The enhanced transparency and disclosure rules that have upended the mutual-fund industry may soon be expanded to include another investment product: segregated funds.
Last week, the Canadian Council of Insurance Regulators (CCIR) released a position paper outlining its expectations on information to be provided to segregated-fund contract holders. In the paper, the regulatory body laid out a new proposal to align regulations governing segregated funds with those for the mutual-fund industry — something that experts have argued for even in the early days of CRM2 disclosure discussions
Aside from discussing requirements for needs-based sales practices, fund risk ratings, and know-your-product requirements, the paper highlighted recommendations for enhanced disclosure of performance, risks, costs, and insurance features associated with segregated funds.
“This goes even further than CRM2,” said personal finance expert Dale Jackson in an interview with BNN. “CRM2 requires just the advisor fee [in a mutual fund] to be revealed in dollar amounts, whereas in segregated funds, the whole amount, including the MER, will be revealed.”

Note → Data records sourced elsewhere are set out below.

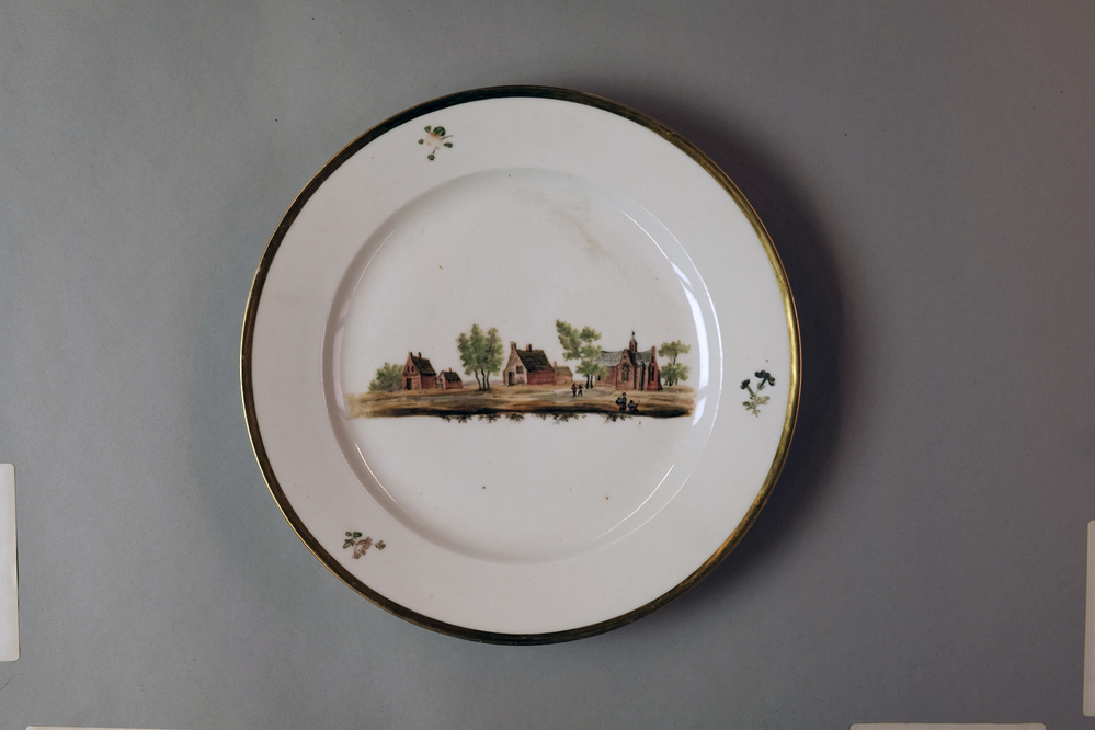 Bord met een afbeelding van een historisch dorpsgezicht of gebouw.- Trefwoorden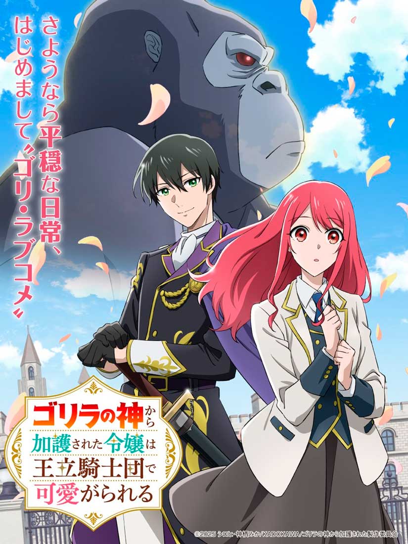 Kadokawa ha revelado un teaser promocional para la adaptación al anime de la serie de novelas Gorilla no Kami Kara Kago Sareta Reijō wa Ōritsu Kishidan de Kawaigareru (The Lady Blessed by the Gorilla God Is Adored by the Royal Knights), escrita por Shirohi y adaptada a manga por Mika Kamisu. El anime se estrenará en abril de 2025.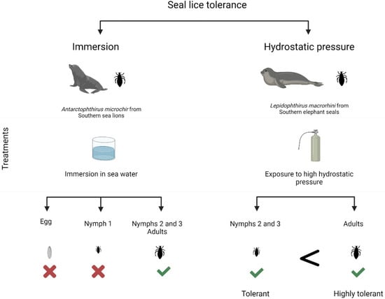 - Leonardi, M.S.; Crespo, J.E.; Soto, F.A.; Vera, R.B.; Rua, J.C.; Lazzari, C.R. Under pressure: The extraordinary survival of seal lice in the deep sea. J. Exp. Biol. 2020, 223, jeb226811. [Google Scholar] [CrossRef] [PubMed]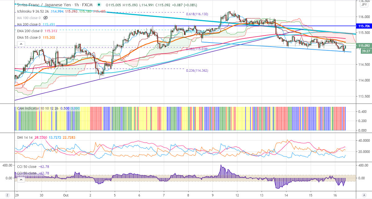 CHFJPY is trading in a narrow range between115.40 and 114.86 for the past three trading days. The pair has lost more than 100 pips from a minor top 116.19 due to the strong yen. The rise in the number of new corona cases and delay in US stimulus has increased demand for safe-haven like the yen. The intraday trend of this pair remains neutral as long as resistance 115.50 holds.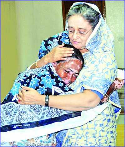 একজন প্রধানমন্ত্রী ও একজন নিঃস্ব নারীর মধ্যে এমন এক মর্মস্পর্শী দৃশ্যের অবতারণা হয় গতকাল বৃহস্পতিবার দুপুরে প্রধানমন্ত্রীর কার্যালয়ে। দুজন পরস্পরকে জড়িয়ে ধরে চোখের জলে ভাসিয়ে দেন।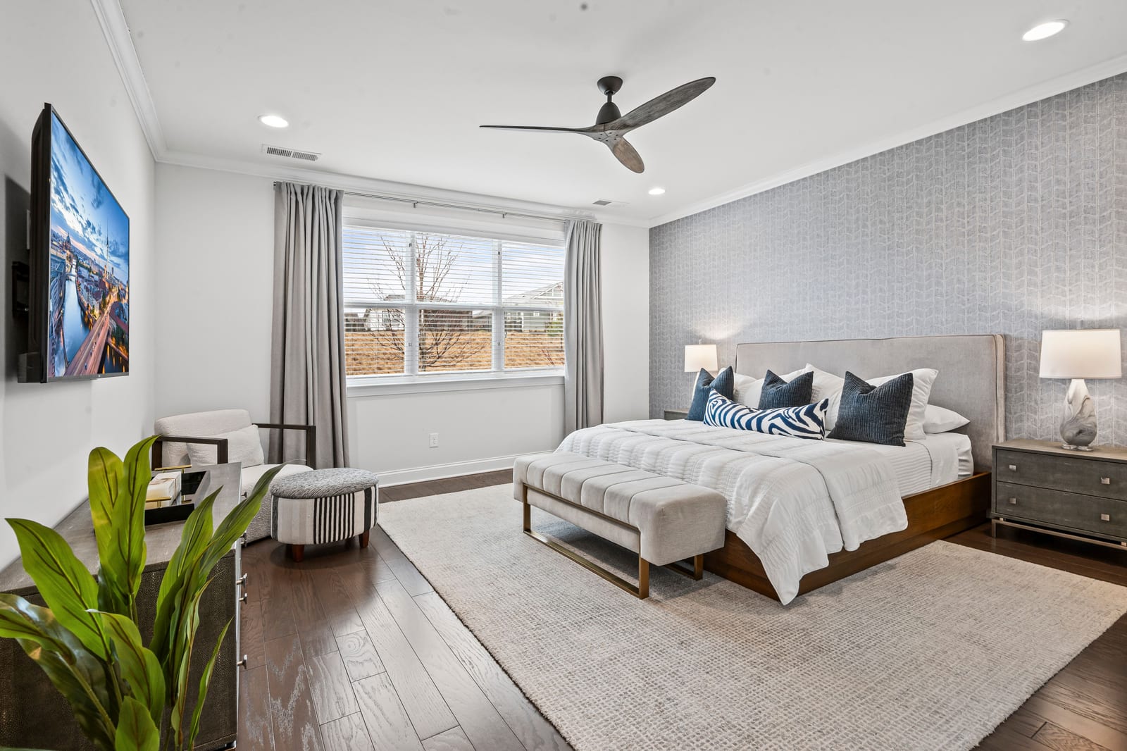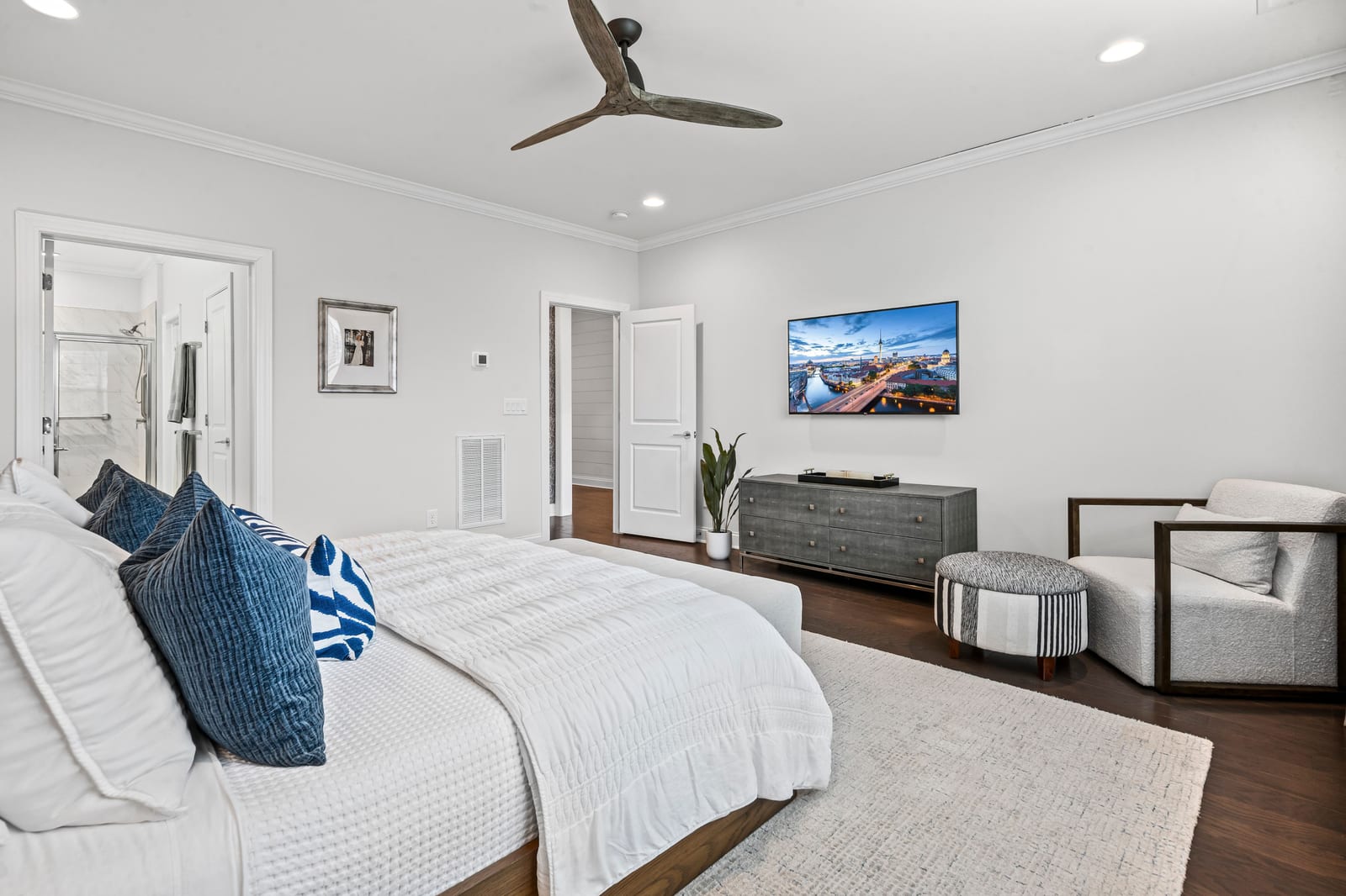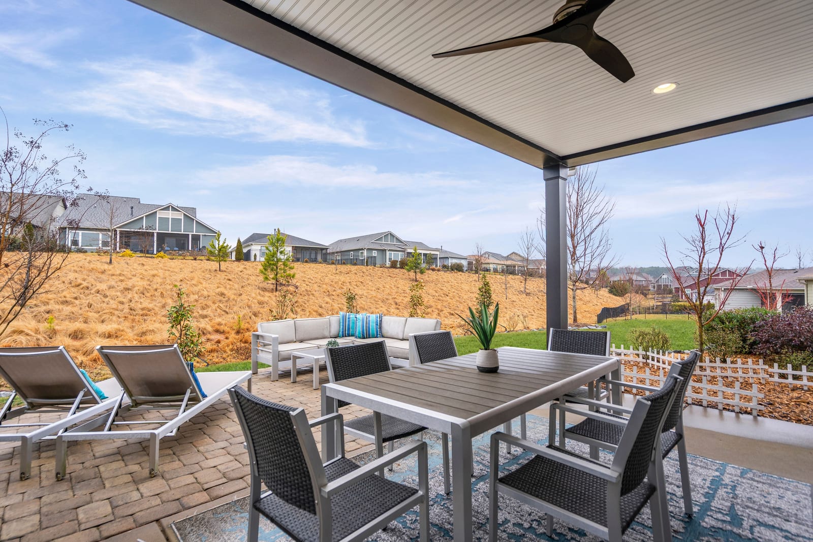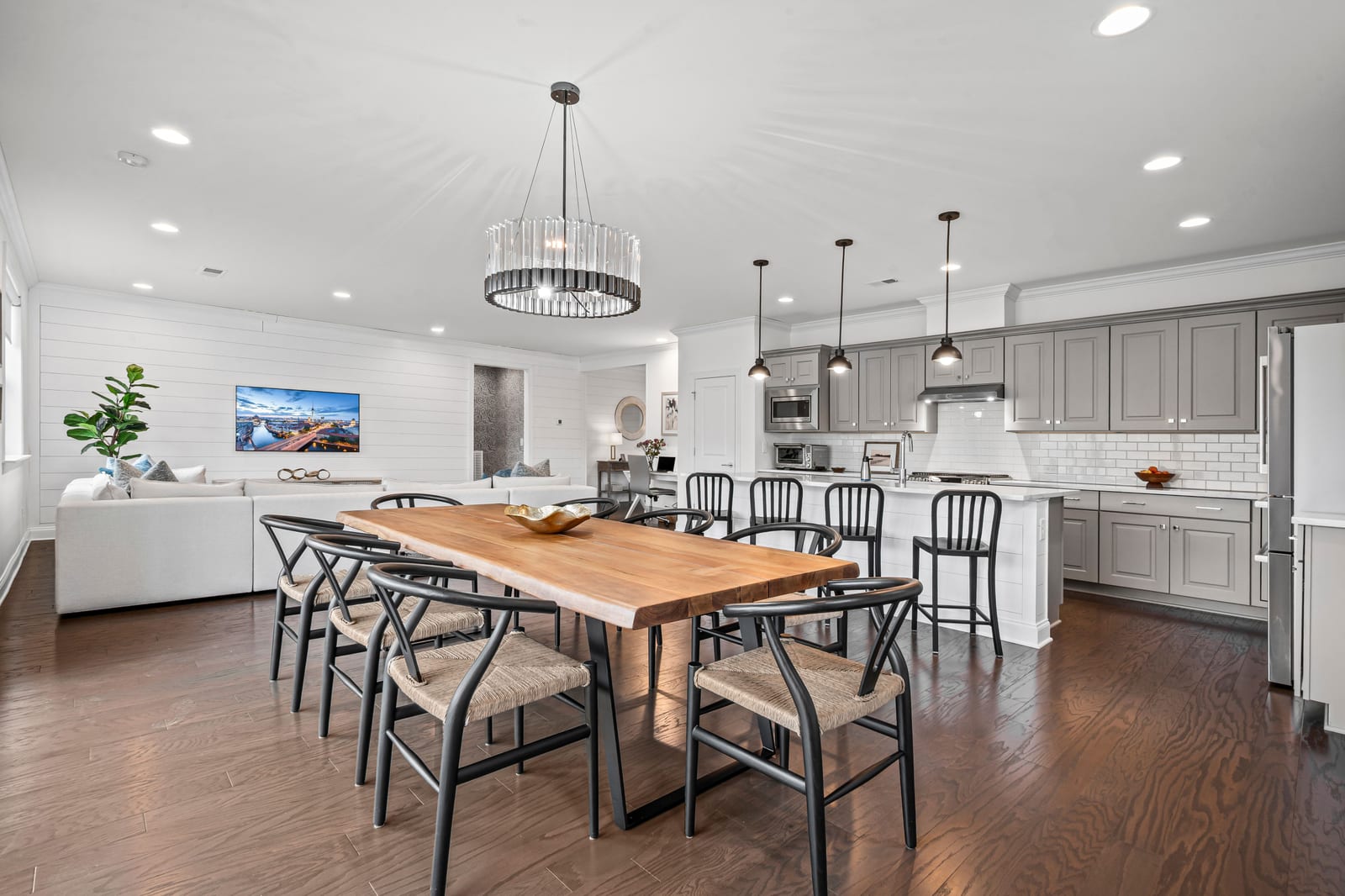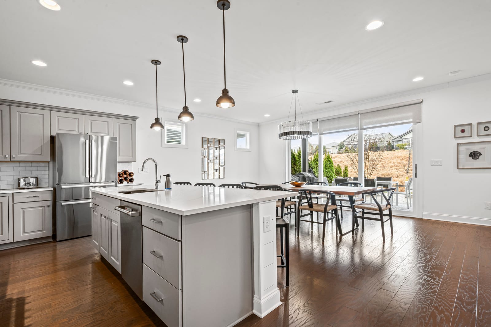 Enjoy wonderful sunset greenway views in this truly custom Liberty plan that has been thoughtfully designed with a meticulous attention to detail, barely lived in, and offers many different living configurations. Entry foyer with ship-lap accent walls leads you into this open-concept residence that has an amazing use of function & space plus decorator colors, lighting & finishes. A well appointed kitchen anchors the main living area & includes SS GE Cafe appliances, solid surface countertops, tile backsplash, Bosch refrigerator & cabinets w/soft close drawers. Dining area w/wall of glass opens and flows seamlessly to the covered Lanai & extended paver patio with privacy landscaping expanding in and outdoor entertaining areas. Great room offers electric shades for added privacy. Office/flex space features glass doors creating a serene setting. A substantial primary suite completes this home w/dual sink vanity, tile floors and shower plus a generous custom walk-in closet. Low maintenance wood & tile floors throughout. Additional bedroom with ensuite bath and walk in closet. Third bedroom with adjacent bath and central laundry room includes washing machine and dryer. Water filtration system. Oversized 2 car garage with golf cart storage. Trilogy Membership includes Freedom Boat Club on Lake Norman plus award winning amenities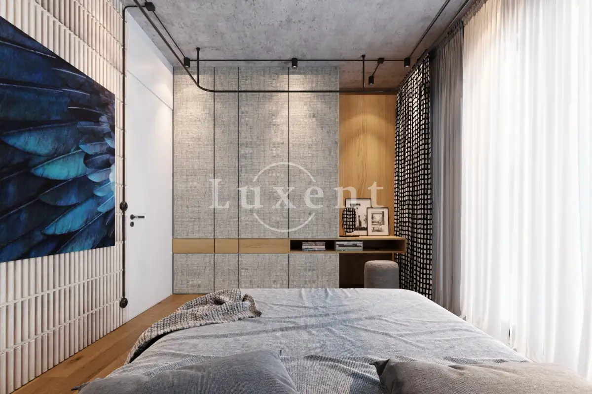 Byt je situován v 5. NP novostavby, interiér zahrnuje vstupní chodbu, prostorný obývací pokoj s kuchyňským koutem a jídelní částí, tři ložnice, dvě koupelny (vana a sprchový kout) a samostatnou toaletu. Ze všech obytných částí je vstup na terasu. K bytů náleží dvě parkovací stání v podzemních garážích a dva zděné sklepy. Součástí bytu je klimatizace. Všechny byty disponují SMART Home systémem pro řízení domácnosti.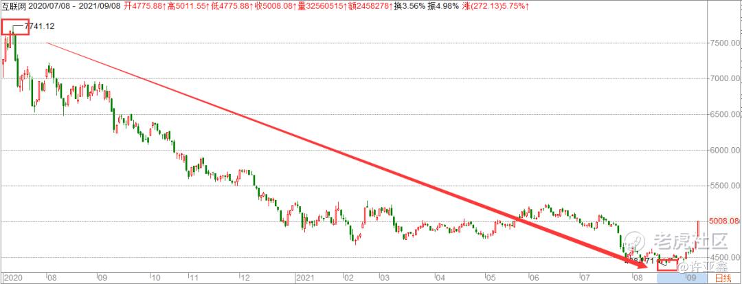 如上圖所示,互聯網行業日內以5.75%的漲幅高居榜首。事實上,從去年7月的高位回落,時間上已經整整調整了1年,空間上跌去了40%+,纔有了我們近幾個交易日看到的所謂的“暴力”反彈。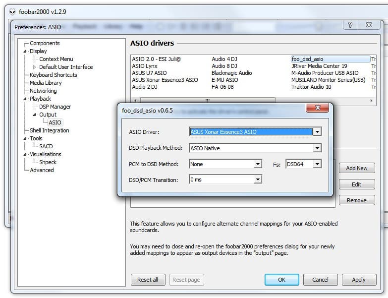 С Asus Essence III мы провели небольшой эксперимент: запустили два бесплатных плеера foobar2000 в портативной установке с включенным в одном из них пересчетом DSD→PCM, а в другом подавая DSD-сигнал напрямую на ЦАП. Одновременное воспроизведение двух этих разных форматов невозможно, но через кнопку «стоп» и небольшую задержку в 2 секунды такой опыт вполне можно провести.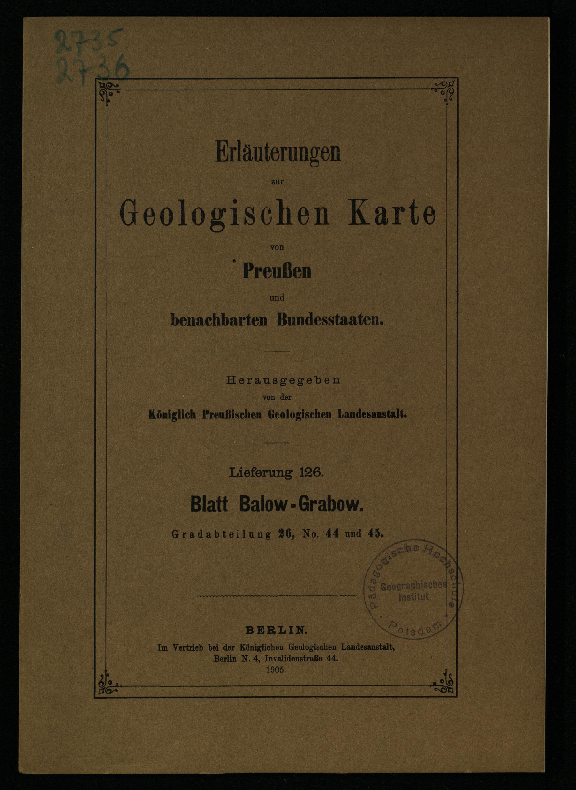 Grad-Abtheilung 26, Blatt 45 und 44 [Neue Nr. 2735, 2736] (1905) Balow, Grabow / geognostisch und agronomisch bearbeitet durch W. Weissermel 1900

The CCIR said it will release a prototype for disclosure documents in early 2018; it stressed that the prototype will not be a prescribed form, but just an example to show what compliant disclosure could look like.
According to Jackson, the new seg-fund disclosures should be available to investors by 2019, at which point they will see the total cost they pay in dollars for segregated funds.
“The mutual-fund industry says it’s going in that direction as well,” he said. “But that doesn’t change the fact that we pay among the highest fees in the developed world.”